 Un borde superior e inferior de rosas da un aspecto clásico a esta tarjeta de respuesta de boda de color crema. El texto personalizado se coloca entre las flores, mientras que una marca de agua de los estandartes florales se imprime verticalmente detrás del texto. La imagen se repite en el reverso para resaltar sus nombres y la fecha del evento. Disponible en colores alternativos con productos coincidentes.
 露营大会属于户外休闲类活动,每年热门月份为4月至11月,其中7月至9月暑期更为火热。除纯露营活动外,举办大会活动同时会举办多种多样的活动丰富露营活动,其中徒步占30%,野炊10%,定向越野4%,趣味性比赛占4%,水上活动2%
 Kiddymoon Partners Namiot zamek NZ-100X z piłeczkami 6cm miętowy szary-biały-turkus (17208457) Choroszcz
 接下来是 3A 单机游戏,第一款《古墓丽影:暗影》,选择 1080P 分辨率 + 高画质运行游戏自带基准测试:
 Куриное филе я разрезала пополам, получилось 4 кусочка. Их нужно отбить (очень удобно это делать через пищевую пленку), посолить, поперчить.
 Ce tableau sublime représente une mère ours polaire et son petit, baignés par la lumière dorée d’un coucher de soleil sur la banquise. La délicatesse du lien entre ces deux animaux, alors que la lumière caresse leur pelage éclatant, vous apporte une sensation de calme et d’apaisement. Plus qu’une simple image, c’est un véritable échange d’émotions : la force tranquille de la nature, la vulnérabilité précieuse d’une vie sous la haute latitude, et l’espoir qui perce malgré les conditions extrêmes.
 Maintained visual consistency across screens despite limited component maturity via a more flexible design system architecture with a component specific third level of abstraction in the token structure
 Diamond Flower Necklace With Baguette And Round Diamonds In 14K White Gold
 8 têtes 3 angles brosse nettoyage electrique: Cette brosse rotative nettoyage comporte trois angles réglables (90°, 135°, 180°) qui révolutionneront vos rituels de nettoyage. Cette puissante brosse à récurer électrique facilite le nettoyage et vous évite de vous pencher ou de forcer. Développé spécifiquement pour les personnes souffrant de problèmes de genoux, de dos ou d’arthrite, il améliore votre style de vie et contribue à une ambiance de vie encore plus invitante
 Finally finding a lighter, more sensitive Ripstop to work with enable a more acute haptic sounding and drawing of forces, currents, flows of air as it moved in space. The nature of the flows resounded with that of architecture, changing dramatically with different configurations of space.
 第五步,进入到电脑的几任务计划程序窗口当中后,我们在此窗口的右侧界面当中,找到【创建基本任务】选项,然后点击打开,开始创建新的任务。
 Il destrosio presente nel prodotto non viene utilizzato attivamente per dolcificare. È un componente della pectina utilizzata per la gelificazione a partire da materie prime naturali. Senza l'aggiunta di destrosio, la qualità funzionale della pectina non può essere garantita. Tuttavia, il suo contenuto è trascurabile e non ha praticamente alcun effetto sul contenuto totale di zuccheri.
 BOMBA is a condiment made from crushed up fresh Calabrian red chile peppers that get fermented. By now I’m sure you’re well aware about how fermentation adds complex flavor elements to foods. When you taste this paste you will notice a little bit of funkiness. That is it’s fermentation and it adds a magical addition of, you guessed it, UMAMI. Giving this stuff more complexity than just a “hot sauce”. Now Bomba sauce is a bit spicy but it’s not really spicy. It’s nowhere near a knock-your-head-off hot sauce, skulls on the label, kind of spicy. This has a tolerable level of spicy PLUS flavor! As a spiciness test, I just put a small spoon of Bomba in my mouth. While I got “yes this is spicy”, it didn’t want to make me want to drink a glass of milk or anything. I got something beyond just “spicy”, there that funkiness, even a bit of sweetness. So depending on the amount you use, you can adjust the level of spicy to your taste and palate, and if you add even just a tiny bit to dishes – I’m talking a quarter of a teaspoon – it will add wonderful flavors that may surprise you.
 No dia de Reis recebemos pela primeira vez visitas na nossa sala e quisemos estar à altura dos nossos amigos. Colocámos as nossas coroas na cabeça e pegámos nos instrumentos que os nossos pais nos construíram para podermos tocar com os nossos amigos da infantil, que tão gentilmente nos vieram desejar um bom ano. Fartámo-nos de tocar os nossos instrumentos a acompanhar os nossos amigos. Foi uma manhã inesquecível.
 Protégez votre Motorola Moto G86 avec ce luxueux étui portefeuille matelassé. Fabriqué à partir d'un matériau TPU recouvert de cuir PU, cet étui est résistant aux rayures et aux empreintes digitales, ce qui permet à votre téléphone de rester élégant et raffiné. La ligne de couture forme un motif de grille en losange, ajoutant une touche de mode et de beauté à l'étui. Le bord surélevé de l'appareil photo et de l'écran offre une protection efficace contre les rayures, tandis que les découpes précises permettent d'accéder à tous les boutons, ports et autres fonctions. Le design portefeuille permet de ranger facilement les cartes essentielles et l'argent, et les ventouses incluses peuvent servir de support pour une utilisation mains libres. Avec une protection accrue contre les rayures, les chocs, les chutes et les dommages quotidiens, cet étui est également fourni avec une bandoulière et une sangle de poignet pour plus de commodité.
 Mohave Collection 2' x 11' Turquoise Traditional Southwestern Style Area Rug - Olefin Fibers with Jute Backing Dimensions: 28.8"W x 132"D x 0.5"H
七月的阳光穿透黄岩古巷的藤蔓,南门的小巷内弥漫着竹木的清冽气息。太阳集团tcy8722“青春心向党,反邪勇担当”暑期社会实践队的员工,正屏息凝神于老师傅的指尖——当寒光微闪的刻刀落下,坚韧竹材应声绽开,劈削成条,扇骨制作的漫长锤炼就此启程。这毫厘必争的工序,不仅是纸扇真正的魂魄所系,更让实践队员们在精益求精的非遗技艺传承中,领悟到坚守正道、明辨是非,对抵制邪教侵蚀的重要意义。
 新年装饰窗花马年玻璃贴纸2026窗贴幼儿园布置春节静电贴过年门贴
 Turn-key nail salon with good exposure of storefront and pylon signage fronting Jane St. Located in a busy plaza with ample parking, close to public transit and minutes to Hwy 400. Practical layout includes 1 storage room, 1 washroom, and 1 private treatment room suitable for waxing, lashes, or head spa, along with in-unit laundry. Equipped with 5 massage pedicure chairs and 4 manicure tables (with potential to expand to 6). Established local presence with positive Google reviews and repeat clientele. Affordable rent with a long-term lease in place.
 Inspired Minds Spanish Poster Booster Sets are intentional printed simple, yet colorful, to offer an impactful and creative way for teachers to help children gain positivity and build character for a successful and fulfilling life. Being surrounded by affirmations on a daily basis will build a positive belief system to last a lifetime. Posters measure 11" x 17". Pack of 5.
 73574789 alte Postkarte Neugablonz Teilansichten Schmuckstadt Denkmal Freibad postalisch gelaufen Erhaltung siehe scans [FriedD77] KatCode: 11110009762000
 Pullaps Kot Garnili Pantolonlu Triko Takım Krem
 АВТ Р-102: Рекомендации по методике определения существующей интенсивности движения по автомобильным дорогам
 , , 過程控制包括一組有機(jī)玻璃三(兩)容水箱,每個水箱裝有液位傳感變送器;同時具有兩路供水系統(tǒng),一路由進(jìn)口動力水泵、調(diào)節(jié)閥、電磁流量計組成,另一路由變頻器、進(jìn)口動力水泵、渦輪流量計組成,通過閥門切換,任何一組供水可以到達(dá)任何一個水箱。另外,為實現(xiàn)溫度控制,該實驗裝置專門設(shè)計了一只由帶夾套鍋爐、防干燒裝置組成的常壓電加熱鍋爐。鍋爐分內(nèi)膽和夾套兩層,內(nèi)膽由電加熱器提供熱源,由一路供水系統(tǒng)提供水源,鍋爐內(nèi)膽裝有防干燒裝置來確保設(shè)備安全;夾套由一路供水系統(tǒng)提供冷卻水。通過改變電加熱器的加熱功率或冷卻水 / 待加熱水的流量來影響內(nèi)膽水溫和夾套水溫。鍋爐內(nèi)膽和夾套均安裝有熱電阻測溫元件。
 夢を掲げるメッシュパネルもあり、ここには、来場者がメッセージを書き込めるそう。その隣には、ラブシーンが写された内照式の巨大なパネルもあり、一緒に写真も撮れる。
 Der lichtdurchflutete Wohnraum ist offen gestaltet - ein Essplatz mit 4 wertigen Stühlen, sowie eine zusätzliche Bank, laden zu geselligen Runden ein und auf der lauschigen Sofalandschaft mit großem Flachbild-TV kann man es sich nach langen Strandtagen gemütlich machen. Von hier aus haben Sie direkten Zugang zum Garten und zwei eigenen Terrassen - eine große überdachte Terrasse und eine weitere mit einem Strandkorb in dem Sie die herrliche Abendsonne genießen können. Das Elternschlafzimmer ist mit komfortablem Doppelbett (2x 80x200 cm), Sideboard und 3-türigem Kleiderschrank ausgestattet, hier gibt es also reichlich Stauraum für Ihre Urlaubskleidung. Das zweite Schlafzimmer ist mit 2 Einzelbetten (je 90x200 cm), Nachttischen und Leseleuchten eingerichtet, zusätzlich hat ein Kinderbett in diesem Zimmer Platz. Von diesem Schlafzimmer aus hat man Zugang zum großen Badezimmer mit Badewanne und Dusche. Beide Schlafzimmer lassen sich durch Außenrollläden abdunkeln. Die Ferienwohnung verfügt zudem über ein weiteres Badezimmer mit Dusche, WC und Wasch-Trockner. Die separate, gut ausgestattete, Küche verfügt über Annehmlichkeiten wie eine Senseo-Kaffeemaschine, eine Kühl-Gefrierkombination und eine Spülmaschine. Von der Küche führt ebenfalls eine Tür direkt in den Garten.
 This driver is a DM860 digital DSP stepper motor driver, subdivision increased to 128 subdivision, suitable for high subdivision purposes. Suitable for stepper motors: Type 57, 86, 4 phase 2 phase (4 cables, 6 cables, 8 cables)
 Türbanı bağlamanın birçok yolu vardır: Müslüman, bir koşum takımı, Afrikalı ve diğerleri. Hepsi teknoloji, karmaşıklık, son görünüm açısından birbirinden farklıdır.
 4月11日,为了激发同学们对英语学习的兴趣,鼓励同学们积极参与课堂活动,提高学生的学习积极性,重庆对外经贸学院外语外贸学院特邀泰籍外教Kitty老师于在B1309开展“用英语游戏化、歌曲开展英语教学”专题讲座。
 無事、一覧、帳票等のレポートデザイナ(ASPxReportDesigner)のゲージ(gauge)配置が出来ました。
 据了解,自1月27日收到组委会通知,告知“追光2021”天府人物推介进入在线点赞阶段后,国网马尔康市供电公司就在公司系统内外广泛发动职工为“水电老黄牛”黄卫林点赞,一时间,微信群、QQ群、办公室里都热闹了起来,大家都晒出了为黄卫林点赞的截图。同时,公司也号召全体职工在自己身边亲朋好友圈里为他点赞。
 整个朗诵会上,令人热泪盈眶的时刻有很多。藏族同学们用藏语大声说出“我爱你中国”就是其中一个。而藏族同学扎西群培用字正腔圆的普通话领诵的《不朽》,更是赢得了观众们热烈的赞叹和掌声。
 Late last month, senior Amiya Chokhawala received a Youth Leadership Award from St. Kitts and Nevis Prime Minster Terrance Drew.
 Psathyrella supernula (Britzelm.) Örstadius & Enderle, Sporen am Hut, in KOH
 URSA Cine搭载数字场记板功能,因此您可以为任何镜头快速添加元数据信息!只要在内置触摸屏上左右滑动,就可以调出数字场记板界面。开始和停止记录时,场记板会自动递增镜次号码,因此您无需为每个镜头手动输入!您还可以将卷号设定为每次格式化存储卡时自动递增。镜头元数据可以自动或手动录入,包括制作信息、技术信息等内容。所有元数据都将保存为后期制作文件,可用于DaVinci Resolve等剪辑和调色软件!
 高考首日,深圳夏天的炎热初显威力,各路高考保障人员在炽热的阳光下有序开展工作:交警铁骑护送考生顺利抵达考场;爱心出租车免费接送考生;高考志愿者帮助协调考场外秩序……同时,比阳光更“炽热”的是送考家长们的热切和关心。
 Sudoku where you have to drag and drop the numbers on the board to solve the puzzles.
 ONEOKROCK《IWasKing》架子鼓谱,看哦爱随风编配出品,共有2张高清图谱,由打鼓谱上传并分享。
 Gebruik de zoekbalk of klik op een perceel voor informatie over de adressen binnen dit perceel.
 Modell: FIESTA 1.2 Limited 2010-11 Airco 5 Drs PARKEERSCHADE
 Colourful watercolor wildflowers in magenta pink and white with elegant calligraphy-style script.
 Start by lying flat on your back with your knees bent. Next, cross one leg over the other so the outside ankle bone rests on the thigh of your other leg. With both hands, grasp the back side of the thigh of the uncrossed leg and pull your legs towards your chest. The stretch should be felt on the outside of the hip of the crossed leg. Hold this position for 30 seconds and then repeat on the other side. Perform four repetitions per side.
------------------------------------------------------------
__WHAT IS BEING ASKED__:
Take from the material above the lines running from the one with "Diamond Flower Necklace" through the one with "8 têtes 3 angles", and repeat them exactly, with nothing else.

__ANSWER TO THIS TASK__:
 Diamond Flower Necklace With Baguette And Round Diamonds In 14K White Gold
 8 têtes 3 angles brosse nettoyage electrique: Cette brosse rotative nettoyage comporte trois angles réglables (90°, 135°, 180°) qui révolutionneront vos rituels de nettoyage. Cette puissante brosse à récurer électrique facilite le nettoyage et vous évite de vous pencher ou de forcer. Développé spécifiquement pour les personnes souffrant de problèmes de genoux, de dos ou d’arthrite, il améliore votre style de vie et contribue à une ambiance de vie encore plus invitante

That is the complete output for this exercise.